Data listing
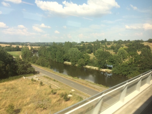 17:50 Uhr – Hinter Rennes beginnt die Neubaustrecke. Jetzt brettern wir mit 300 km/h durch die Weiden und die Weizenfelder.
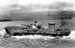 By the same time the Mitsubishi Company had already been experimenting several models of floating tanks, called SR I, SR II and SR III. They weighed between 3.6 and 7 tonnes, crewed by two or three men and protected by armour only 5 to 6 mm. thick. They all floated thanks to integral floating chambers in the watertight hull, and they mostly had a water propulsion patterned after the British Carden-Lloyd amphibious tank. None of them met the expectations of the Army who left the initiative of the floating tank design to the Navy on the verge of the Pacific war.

---

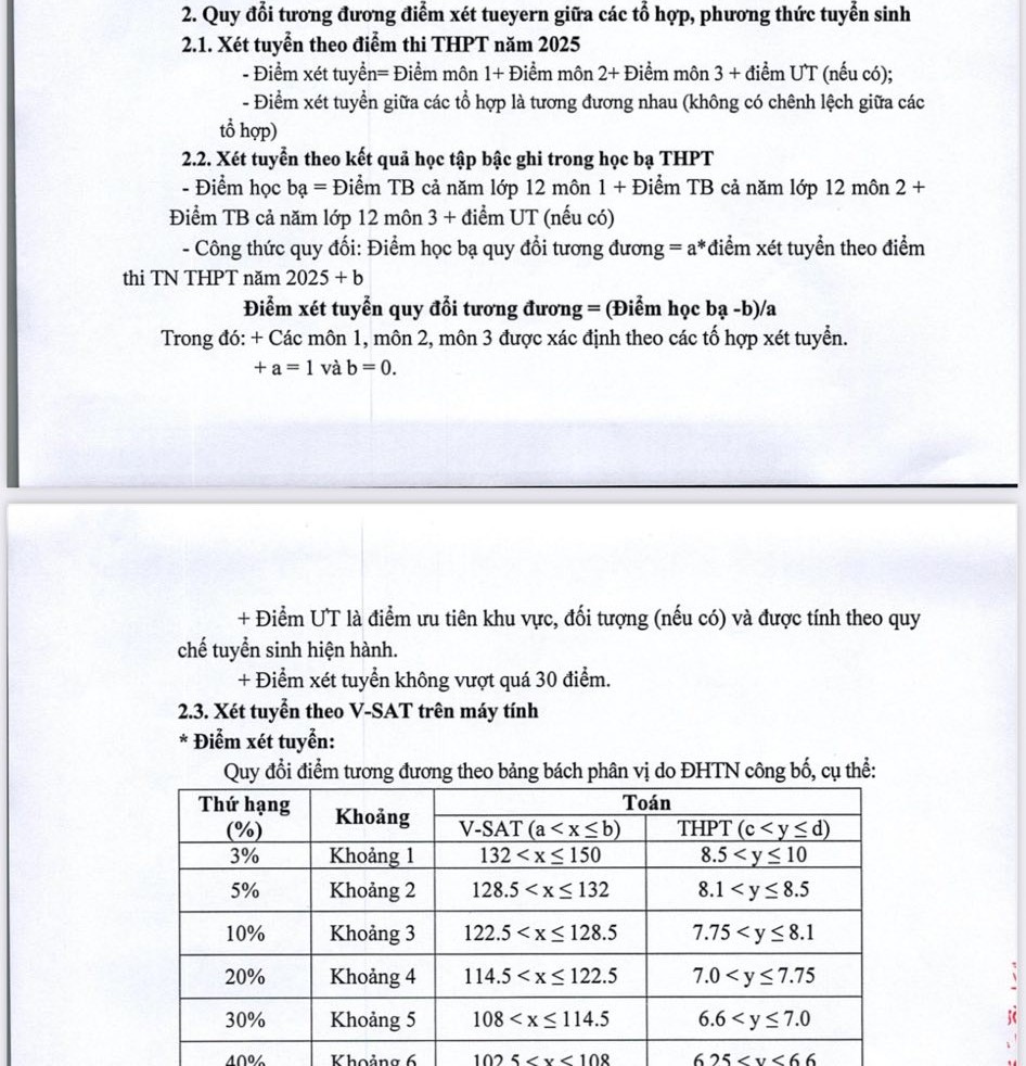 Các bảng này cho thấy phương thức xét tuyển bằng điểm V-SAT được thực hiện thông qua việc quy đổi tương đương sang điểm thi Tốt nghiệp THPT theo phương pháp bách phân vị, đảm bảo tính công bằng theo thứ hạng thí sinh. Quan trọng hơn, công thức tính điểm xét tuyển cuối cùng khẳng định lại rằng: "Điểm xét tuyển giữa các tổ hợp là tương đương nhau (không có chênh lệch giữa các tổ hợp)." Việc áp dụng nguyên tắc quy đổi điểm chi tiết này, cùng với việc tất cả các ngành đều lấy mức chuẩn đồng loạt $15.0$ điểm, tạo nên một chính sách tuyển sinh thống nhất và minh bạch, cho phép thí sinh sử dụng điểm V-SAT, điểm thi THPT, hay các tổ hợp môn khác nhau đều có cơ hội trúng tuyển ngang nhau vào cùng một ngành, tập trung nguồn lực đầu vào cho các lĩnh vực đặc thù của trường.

Aim of the task
Leaving out the pictures, please output the lines in the entries above from the one with "17:50 Uhr –" through the one with "By the same", exactly as they are.

Answer space
 17:50 Uhr – Hinter Rennes beginnt die Neubaustrecke. Jetzt brettern wir mit 300 km/h durch die Weiden und die Weizenfelder.
 By the same time the Mitsubishi Company had already been experimenting several models of floating tanks, called SR I, SR II and SR III. They weighed between 3.6 and 7 tonnes, crewed by two or three men and protected by armour only 5 to 6 mm. thick. They all floated thanks to integral floating chambers in the watertight hull, and they mostly had a water propulsion patterned after the British Carden-Lloyd amphibious tank. None of them met the expectations of the Army who left the initiative of the floating tank design to the Navy on the verge of the Pacific war.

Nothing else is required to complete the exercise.